The increase in prescription opioid misuse and dependence is now a public health crisis in the UK. It is recognized as a whole-person problem that involves both the medical and the psychosocial needs of patients. Analyzing aspects of pathophysiology, emotional health, and social wellbeing associated with persistent opioid use after injury may inform safe and effective alleviation of pain while minimizing risk of misuse or dependence. Our objectives were to investigate patient factors associated with opioid use two to four weeks and six to nine months after an upper limb fracture.

Methods

A total of 734 patients recovering from an isolated upper limb fracture were recruited in this study.

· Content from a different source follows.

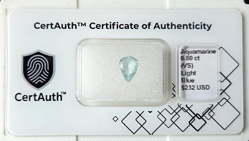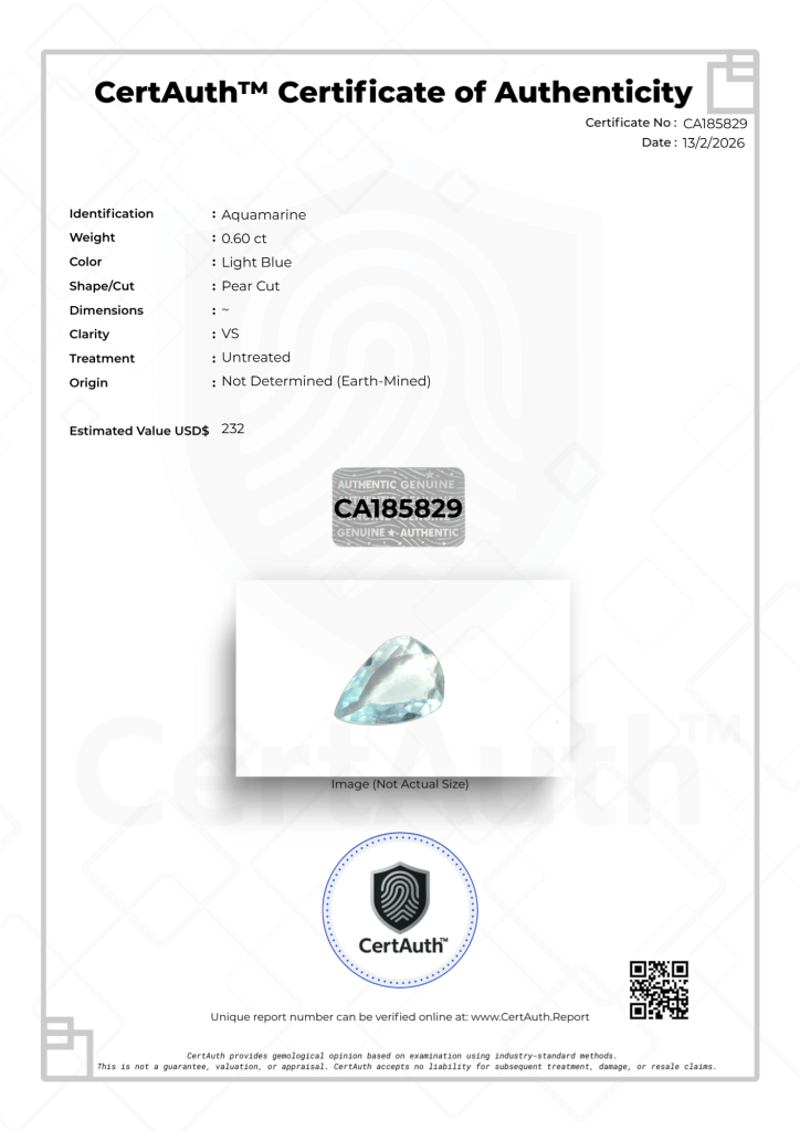 NATURAL 0.60CT AQUAMARINE PEAR CUT – UNHEATED WITH CERTAUTH CERTIFICATE This Natural Aquamarine Displays A Light Blue Colour And Is Cut In A Classic Pear Shape. Weighing 0.60 Carats, The Stone Shows Very Good Clarity Graded Vs And Remains Unheated. This Earth-Mined Gemstone Includes A Certauth Digital Certificate For Secure Verification.• Gemstone: Aquamarine• Carat Weight: 0.60 Ct• Colour: Light Blue• Cut: Pear Cut• Clarity: Vs• Treatment: Unheated• Origin: Not Determined (Earth-Mined)• Certification: Certauth Digital Certificate (Ca185829)• Estimated Value: $232 Usd Condition: Good - Refer Images 0488482+12

Opioid prescription was documented retrospectively for the period preceding the injury, and prospectively at the two- to four-week post-injury visit and six- to nine-month post-injury visit. Bivariate and multivariate analysis sought factors associated with opioid prescription from demographics, injury-specific data, Patient Reported Outcome Measurement Instrumentation System (PROMIS), Depression computer adaptive test (CAT), PROMIS Anxiety CAT, PROMIS Instrumental Support CAT, the Pain Catastrophizing Scale (PCS), the Pain Self-efficacy Questionnaire (PSEQ-2), Tampa Scale for Kinesiophobia (TSK-11), and measures that investigate levels of social support.